Kontakthof is a 1978 show full of tenderness, violence and horror. Now, in a spectacular production, its first performers are bringing it back. But would Bausch have approved?
Theatres are haunted houses: on any stage, the ghosts of past performances can rise. At the opera house in Wuppertal, North Rhine-Westphalia, you can imagine the decades-ago premieres of Pina Bausch’s first potent tanztheater shows, which left audiences either enraptured or slamming the exit door. An original cast member may still appear in revivals today, giving a tantalising link to the history of a company now packed with dancers who joined after the German choreographer’s death in 2009. But tonight a full house in Wuppertal is watching Bausch’s classic Kontakthof delivered by a cast of nine, all of whom created it here almost 50 years ago.
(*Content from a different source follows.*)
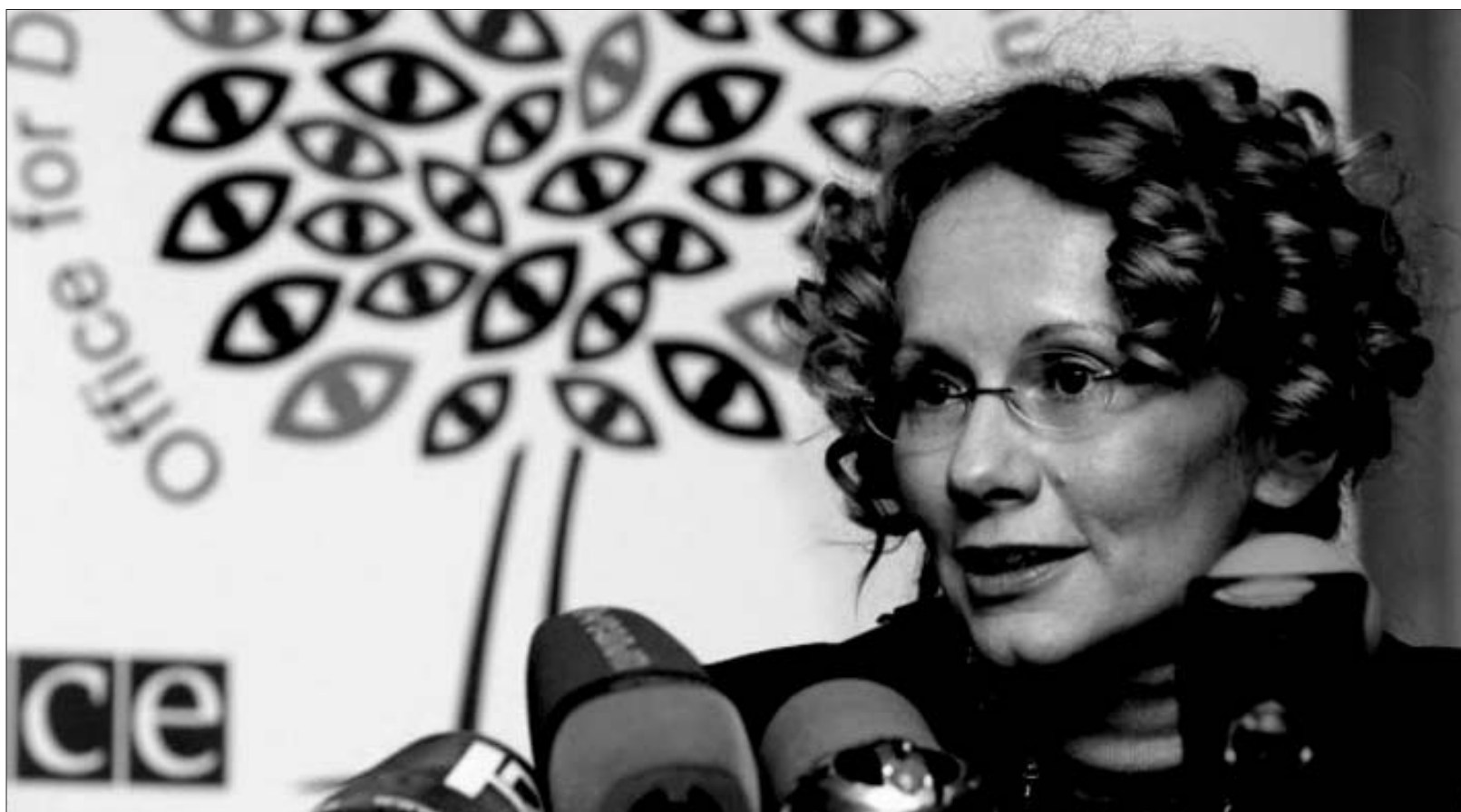
Radmila Sekerinska, head of the OSCE election observation mission, at a news conference in Yerevan, 22 March 2012.

And they are accompanied by ethereal archive footage of the production from 1978, blown up to a dizzying scale.
It is uncanny and moving to see them enter, in monochrome outfits, their steps mirroring those from the black and white film projected on an enormous gauze screen. It engulfs the performers so the images of their younger selves, at a height of several metres, loom over them. Kontakthof was first staged with 20 dancers and those who have not returned for this iteration – some of them deceased – remain frozen in time in film, accompanying tonight’s cast who have more than doubled in age since.